24
February
2020
|
13:59 PM
America/Los_Angeles

Professor Receives LGBTQ Religious History Award

Cal State San Marcos history professor Suzanna Krivulskaya has received the 2019-20 LGBTQ Religious History Award, the only honor given for outstanding scholarship in this field of study. 

Krivulskaya received the award on Feb. 5 from the LGBTQ Religious Archives Network, a project of the Center for LGBTQ & Gender Studies in Religion at Pacific School of Religion in Berkeley. The network is a groundbreaking venture to preserve the history of LGBTQ religious movements around the world.  

Krivulskaya is the 11th recipient of the award, which was initiated in 2005. Her paper, “ ‘Queer’ Rumors: Protestant Pastors, Unnatural Deeds, and Church Censure in the Twentieth-Century United States,” was selected from among eight entries submitted for the award this year.  

“The LGBTQ Religious Achives Network is a great organization. They catalog, collect, preserve and disseminate information about archival materials related to the history of sexuality and religion,” Krivulskaya said. “Over the past 15 years, the LGBTQ Religious History Award has recognized the work of some outstanding historians working in this field, and I am truly honored to be counted among them.” 

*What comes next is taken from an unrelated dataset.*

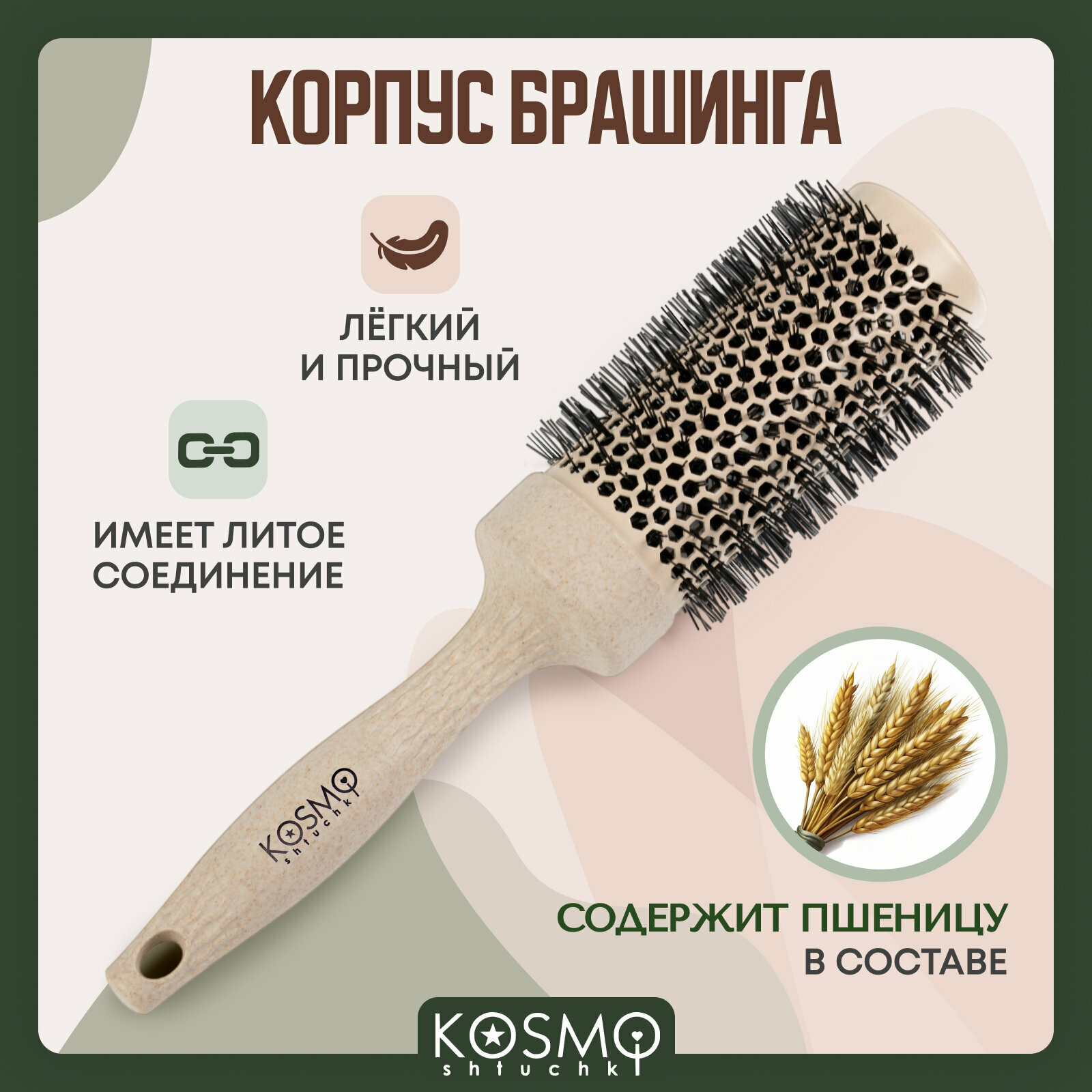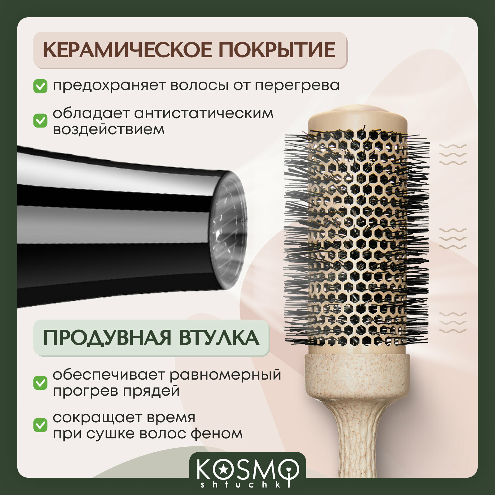 KosmoShtuchki Термобрашинг с керамическим покрытием 44 мм БИО (бежевый), брашинг для укладки волос интересное:
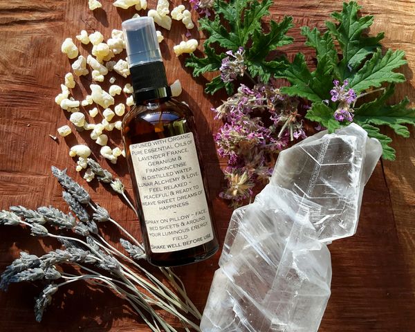 Crystal ~ Aromatic & Lunar Alchemy create a potent vibration for mood relaxation, melting away busy thoughts and harmoniously bringing in feelings of inner peace & serenity.

Krivulskaya’s award-winning paper is the product of an ongoing investigation into the complex and uneven histories of queerness among conservative Protestant ministers. She is preparing the paper for publication in a major U.S. history journal. 

The award for Krivulskaya is particularly noteworthy in that she is in her first academic year as a history professor at CSUSM. She earned a Ph.D. from the University of Notre Dame just last year after previously receiving a master’s degree from Yale Divinity School. Before that, she studied theology at a small liberal arts college in Klaipeda, Lithuania.  

Krivulskaya is also writing a book about the long history of Protestant sex scandals, tentatively titled “Disgraced: How Sex Scandals Transformed American Protestantism.”